I tried analyze with the language analyzer for English and this is the
result:
curl -XGET ' localhost:9200/_analyze?analyzer=english' -d 'Testing language
analyzer of Elastic Search: English'
And the tokens I received from ES are:
test
languag
analyz
elast
search
english
Are those tokens the expected result? I think the tokens should be the
whole word, but there are some incomplete word (languag, analyz, elast)
Regards,
Sam
dadoonet
(David Pilato)
August 3, 2012, 7:32am
2
Language analyzers extract radical from words.
If you send languages, language, you will have the same result.
Analyzing, analyzers, analyze... will be considered as equals when analyzed.
HTH
David
--
Le 3 août 2012 à 07:01, Ngoc Vo ngoc.vo3103@gmail.com a écrit :
Hi all,
I'm newbie in Elastic Search. I'm interesting in the language analyzers and I would like to know how they work.
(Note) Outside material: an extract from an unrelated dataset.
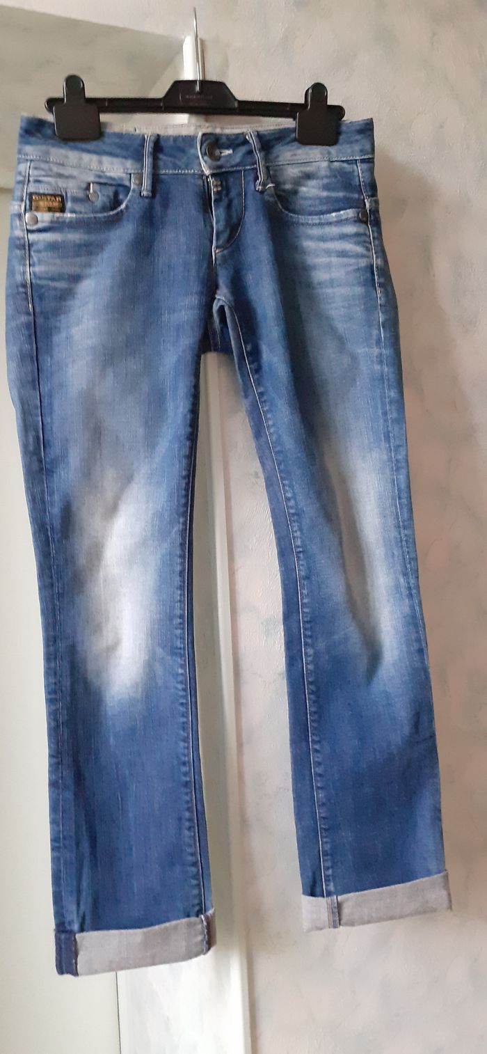 Vends un jean taille basse, à porter avec ou sans revers, patte avec boutons dans le dos pour régler la ceinture, couleur bleu, délavé au niveau des genoux, marque G-STAR, taille S. Longueur entrejambe : 71 cm avec le revers, 80 cm sans le revers Largeur de la ceinture à plat : 37 cm Largeur au niveau des hanches : 47 cm.

I tried analyze with the language analyzer for English and this is the result:
curl -XGET ' localhost:9200/_analyze?analyzer=english' -d 'Testing language analyzer of Elastic Search: English'
And the tokens I received from ES are:
test
languag
analyz
elast
search
english
Are those tokens the expected result? I think the tokens should be the whole word, but there are some incomplete word (languag, analyz, elast)
Regards,
Sam
Wikipedia has some general info on stemming that you may find somewhat helpful.
--
Shaun
On Friday, 3 August 2012 at 17:02, David Pilato wrote:
Language analyzers extract radical from words.
If you send languages, language, you will have the same result.
Analyzing, analyzers, analyze... will be considered as equals when analyzed.
HTH
David
--
Le 3 août 2012 à 07:01, Ngoc Vo ngoc.vo3103@gmail.com a écrit :
Hi all,
I'm newbie in Elastic Search. I'm interesting in the language analyzers and I would like to know how they work.
I tried analyze with the language analyzer for English and this is the result:
curl -XGET ' localhost:9200/_analyze?analyzer=english' -d 'Testing language analyzer of Elastic Search: English'
And the tokens I received from ES are:
test
languag
analyz
elast
search
english
Are those tokens the expected result? I think the tokens should be the whole word, but there are some incomplete word (languag, analyz, elast)
Regards,
Sam